ABOUT THIS EXERCISE |
Without the pictures, set down every record below exactly as it reads.

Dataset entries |
--------
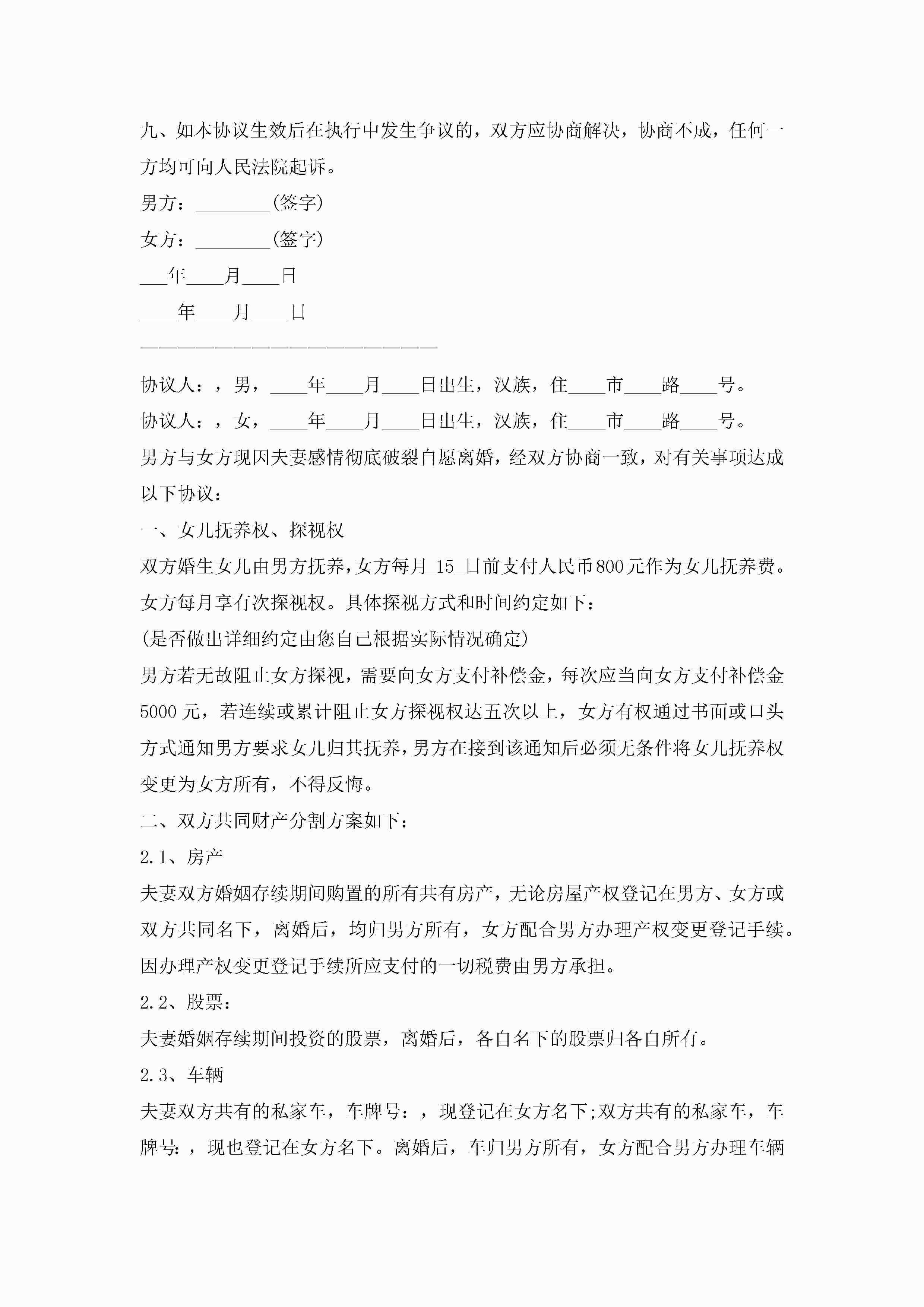 2022离婚协议书模板(精选10篇)jugei3月22日 12:42更新关注219 2022离婚协议书模板(精选10篇)此内容为付费资源,请付费后查看¥10.9 单篇文档限时特惠¥15个人会员开通企业会员开通立即下载无需登陆!可直接快捷下载单个模板付费资源© 版权声明THE ENDWord模板# 实用文档# 实用模板# 信函模板# 协议书 如有问题,可点击最底部“联系我们”联系客服 分享QQ空间微博QQ好友海报分享复制链接收藏
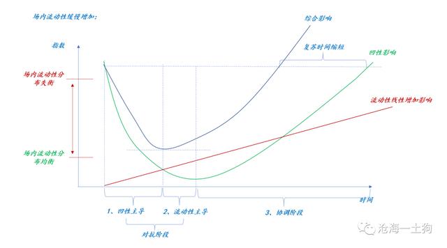 绿线代表了流动性分布的影响,红线代表了总量流动性增加的影响,蓝线是他们二者的合力。
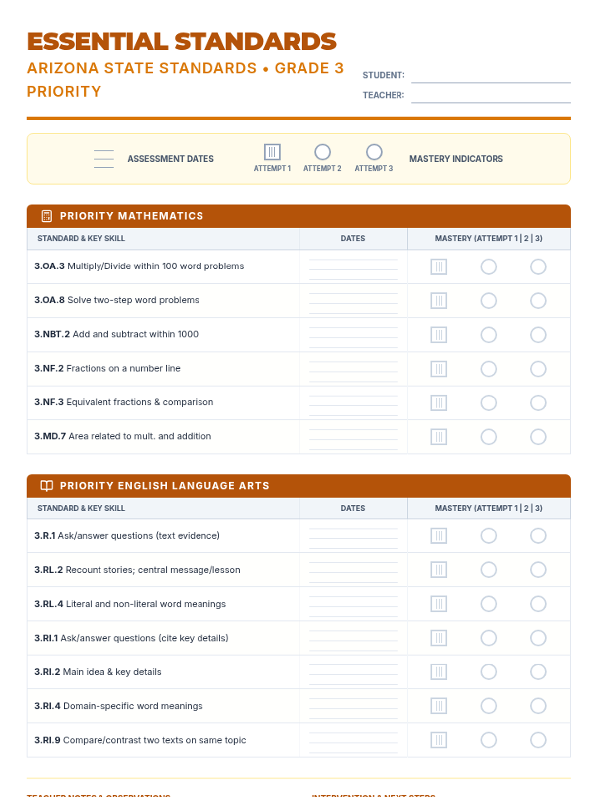 A single-page Arizona Essential Standards Mastery Tracker combining priority Math and ELA standards. Features a gold 'Essential' theme and the consistent 3-attempt tracking system for focused progress monitoring.
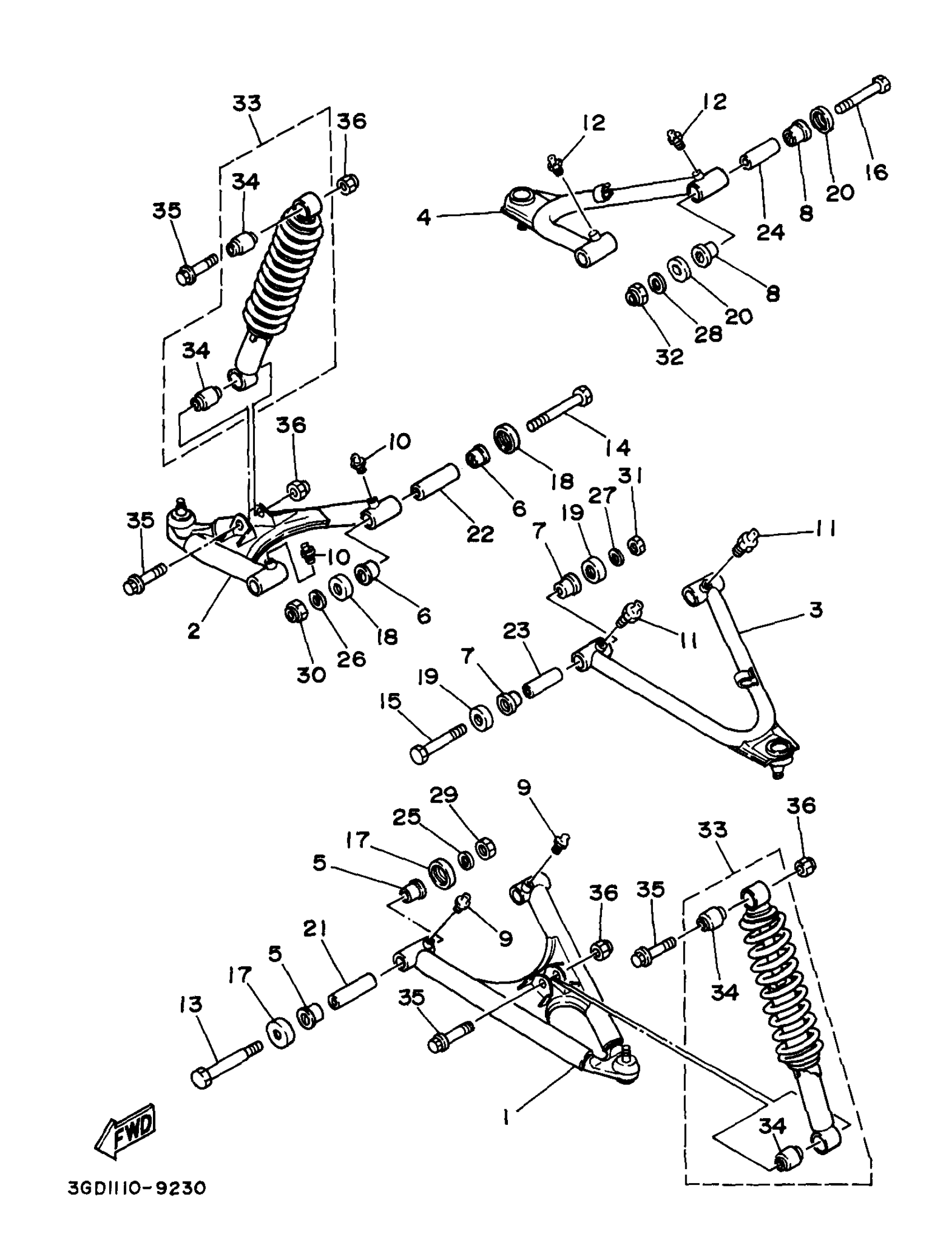 Yamaha YFM350XJ_MNH (WARRIOR) 3GDK 1997 FRONT SUSPENSION WHEEL Diagram
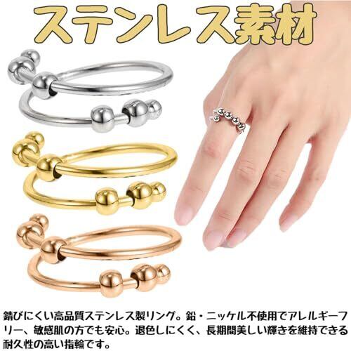 【高品質ステンレス素材】 錆びにくい高品質ステンレス製リング。鉛・ニッケル不使用でアレルギーフリー、敏感肌の方でも安心。退色しにくく、長期間美しい輝きを維持できる耐久性の高い指輪です。 【ストレス軽減&リラックス効果】 回転するビーズを指先で回すことで、ストレス解消・不安緩和・気分転換に最適。日常や仕事中でも気軽に使えるリラックスリング、集中力アップや心を落ち着けたい時に役立ちます。 【サイズ調整可能デザイン】 開口部分を簡単に広げたり縮めたりできるフリーサイズ仕様。指に合わせて調整可能で、男女兼用・ほぼすべての指にフィットします。成長期の子供から大人まで幅広く対応。
--------
SOLUTION TO THIS EXERCISE |
 2022离婚协议书模板(精选10篇)jugei3月22日 12:42更新关注219 2022离婚协议书模板(精选10篇)此内容为付费资源,请付费后查看¥10.9 单篇文档限时特惠¥15个人会员开通企业会员开通立即下载无需登陆!可直接快捷下载单个模板付费资源© 版权声明THE ENDWord模板# 实用文档# 实用模板# 信函模板# 协议书 如有问题,可点击最底部“联系我们”联系客服 分享QQ空间微博QQ好友海报分享复制链接收藏
 绿线代表了流动性分布的影响,红线代表了总量流动性增加的影响,蓝线是他们二者的合力。
 A single-page Arizona Essential Standards Mastery Tracker combining priority Math and ELA standards. Features a gold 'Essential' theme and the consistent 3-attempt tracking system for focused progress monitoring.
 Yamaha YFM350XJ_MNH (WARRIOR) 3GDK 1997 FRONT SUSPENSION WHEEL Diagram
 【高品質ステンレス素材】 錆びにくい高品質ステンレス製リング。鉛・ニッケル不使用でアレルギーフリー、敏感肌の方でも安心。退色しにくく、長期間美しい輝きを維持できる耐久性の高い指輪です。 【ストレス軽減&リラックス効果】 回転するビーズを指先で回すことで、ストレス解消・不安緩和・気分転換に最適。日常や仕事中でも気軽に使えるリラックスリング、集中力アップや心を落ち着けたい時に役立ちます。 【サイズ調整可能デザイン】 開口部分を簡単に広げたり縮めたりできるフリーサイズ仕様。指に合わせて調整可能で、男女兼用・ほぼすべての指にフィットします。成長期の子供から大人まで幅広く対応。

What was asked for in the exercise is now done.